The common answer (“IDENTITY”) is correct but rarely explained. And the most-cited fix — DZone’s Boost JPA Bulk Insert by 100x — assumes PostgreSQL. On MySQL there is no native SEQUENCE, so the playbook differs.


1. The phenomenon

@Entity class BulkTargetIdentity {
    @Id @GeneratedValue(strategy = GenerationType.IDENTITY)
    Long id;
    ...
}

@Transactional
void run() {
    List<BulkTargetIdentity> rows = new ArrayList<>(10_000);
    for (int i = 0; i < 10_000; i++) rows.add(new BulkTargetIdentity(...));
    repo.saveAll(rows);
}

hibernate.jdbc.batch_size=50 plus order_inserts=true in application.yml. Hibernate Statistics still report prepareStatementCount = 10000.


2. The structural reason — Statement.RETURN_GENERATED_KEYS vs batch

For each INSERT, Hibernate must immediately retrieve the generated ID to register the entity in the persistence context. JDBC’s mechanism:

PreparedStatement ps = conn.prepareStatement(sql, Statement.RETURN_GENERATED_KEYS);
ps.executeUpdate();
ResultSet keys = ps.getGeneratedKeys();

Per the JDBC spec (PreparedStatement.addBatch()): “not all databases support batch updates with generated keys.” MySQL Connector/J does, partially, but Hibernate’s PostInsertIdentifierGenerator does not trust the per-row mapping in batch — and disables batching to keep semantics consistent.

Issue HHH-12107 confirms this is intentional.

Consequence: with IDENTITY, hibernate.jdbc.batch_size has no effect.


3. S2 — clear() every 50 saves memory but not SQL count

for (int i = 0; i < 10_000; i++) {
    em.persist(new BulkTargetIdentity(...));
    if (i % 50 == 0 && i > 0) {
        em.flush();
        em.clear();
    }
}

Persistence context stays bounded — see P2 dirty-checking. But IDENTITY still cannot batch, so SQL count remains 10,000.
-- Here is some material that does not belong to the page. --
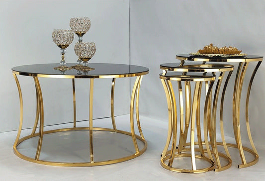 3 Pieces Round Nesting Table Set Gold Paint finish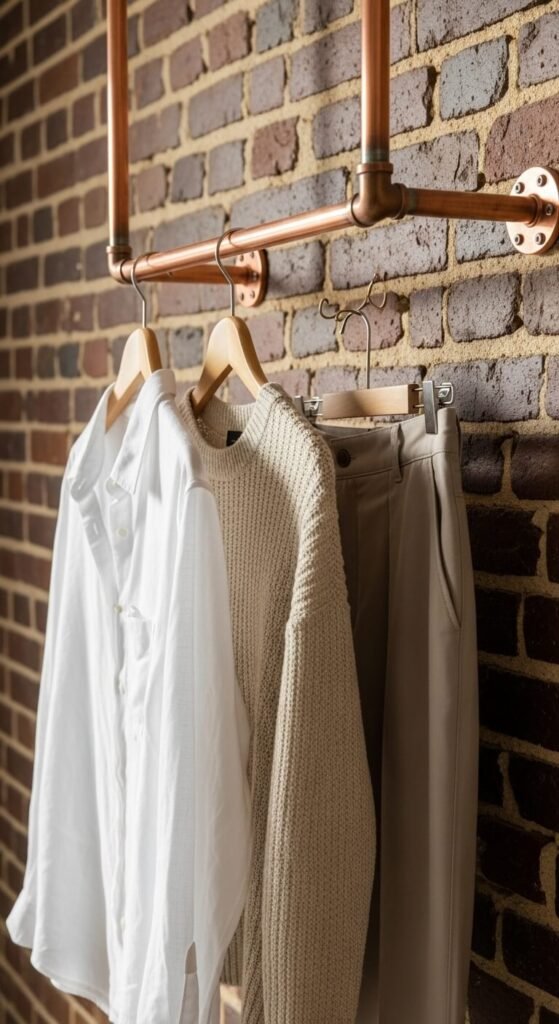 The warm copper tone adds modern industrial style. Supports heavy coats and dense hanging items. More durable than plastic alternatives.

4. S3 — TABLE strategy simulation: pre-allocated IDs

CREATE TABLE hibernate_sequence_emul (
    sequence_name VARCHAR(50) PRIMARY KEY,
    next_val      BIGINT NOT NULL
);
@Transactional
public long allocateBlock(int count) {
    Long start = jdbc.queryForObject(
        "SELECT next_val FROM hibernate_sequence_emul WHERE sequence_name = ? FOR UPDATE",
        Long.class, "bulk_target_seq");
    jdbc.update("UPDATE hibernate_sequence_emul SET next_val = ? WHERE sequence_name = ?",
        start + count, "bulk_target_seq");
    return start;
}

@Entity class BulkTargetTableSeq {
    @Id Long id;   // application-set
    ...
}

long start = allocateBlock(10_000);
List<BulkTargetTableSeq> rows = new ArrayList<>();
for (int i = 0; i < 10_000; i++) rows.add(new BulkTargetTableSeq(start + i, ...));
repo.saveAll(rows);

ID is set before INSERT, so generated-keys mapping is irrelevant — batch works. With batch_size=50, ~200 SQL.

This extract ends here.